When deploying predictive analytics in your company, a key component to keep in mind is that as your company evolves, your customers may change and the math formula that was used to predict the initial cancellation rate may have accuracy diminish over time. It’s a good idea to A/B test your offers and incentives to verify that they are still effective. You can even perform predictive analytics on offers to predict what offer a customer is most likely to respond positively to.
Most businesses have ever-changing customers over time, which means you are predicting the future of a moving target. Hence, it’s crucial to evaluate that the process is still working and accurate.
Because you are influencing the customer’s behavior, it’s important to identify if you are still getting the results you need through the campaign. A predictive analytics campaign is the same as any campaign with an ROI, it just comes at a different part in the sales funnel - particularly with retention metrics.
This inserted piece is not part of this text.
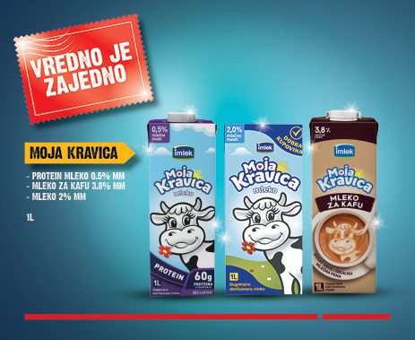 Moja Kravica mleko pretvara svaki zalogaj vašeg obroka u pravo uživanje, dok Moja Kravica mleko za kafu daje puniji ukus i kremastu teksturu svakoj šoljici kafe. Sa 3,8% mlečne masti, savršeno se uklapa u kafu, pružajući bogatstvo ukusa i kremastu teksturu.Probajte i novo Moja Kravica protein mleko bogato proteinima koji pružaju energiju tokom celog dana. Sa 60g proteina po litru, 0,5% mlečne masti i bez laktoze, idealno je za celu porodicu.

For example, “Iis the retention campaign keeping more customers and adding to the bottom line?.”
It’s easy for customers to figure out patterns and share that information with others. There are dozens of outlets for customers to communicate holes in your process and share your communications. Imagine an email with a 50% discount code sent to high-risk cancellation accounts., tToday it takes less than 30 seconds to share that discount code on various discount websites or to share it on social media platforms such as Twitter or Facebook.
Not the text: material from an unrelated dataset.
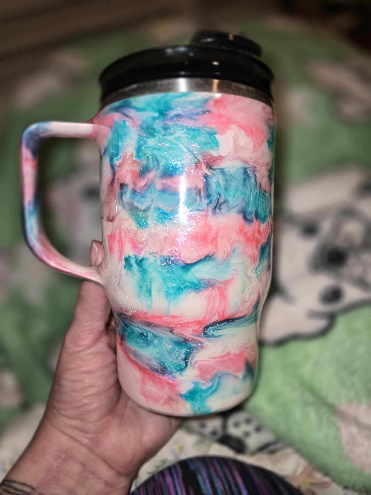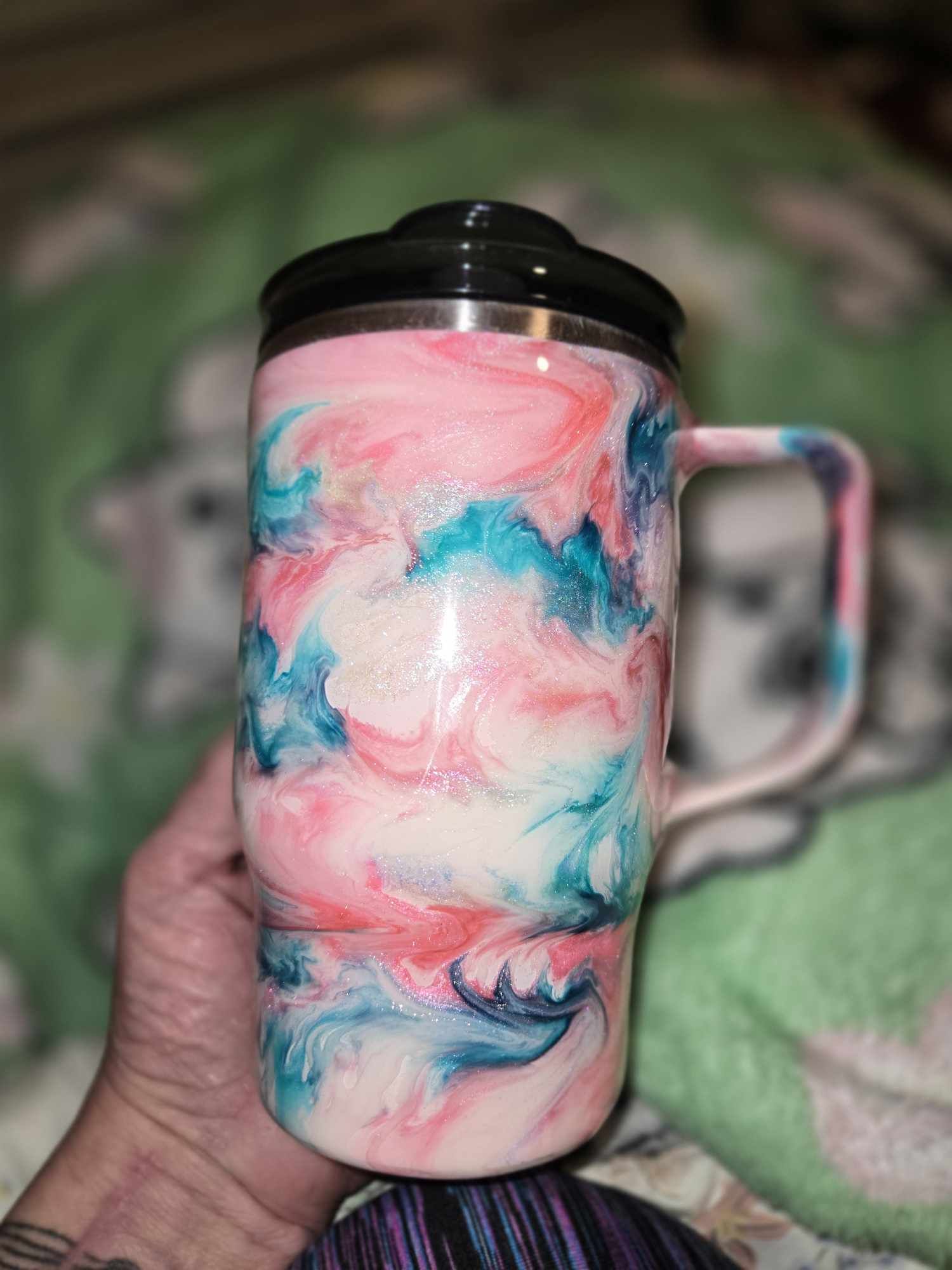 16 oz double walled stainless steel tumbler.

An algorithm detects a probability of a result, like “the customer has an 80% risk of churn.” Most systems that you integrate with need a binary decision, such as “send the email or don’t” at a certain threshold. This is where either management decisions or artificial intelligence (or both) is required to maximize the result. For example, perhaps you decide that when a customer is identified as having an 80% probability of cancelling their subscription, you want to email a discounted offer to retain them. However, is 80% the optimal predicted threshold? What about those that have a 60% chance of churn - is that high enough risk to offer a discount? Or, looking at it from the other direction, if a customer is at an 80% chance of leaving, is it even worth giving away a discounted service if they’re going to ultimately leave regardless? They key to navigating the gray area is to assign someone to determine these thresholds and have them monitor the results so the algorithm can be refined over time.
Predictive analytics is a very powerful tool that any business can use to make better decisions and get better results for their customer growth or retention campaigns. Used correctly, you can increase your top-line revenues, reduce risk for your organization and ultimately, increase your bottom-line results.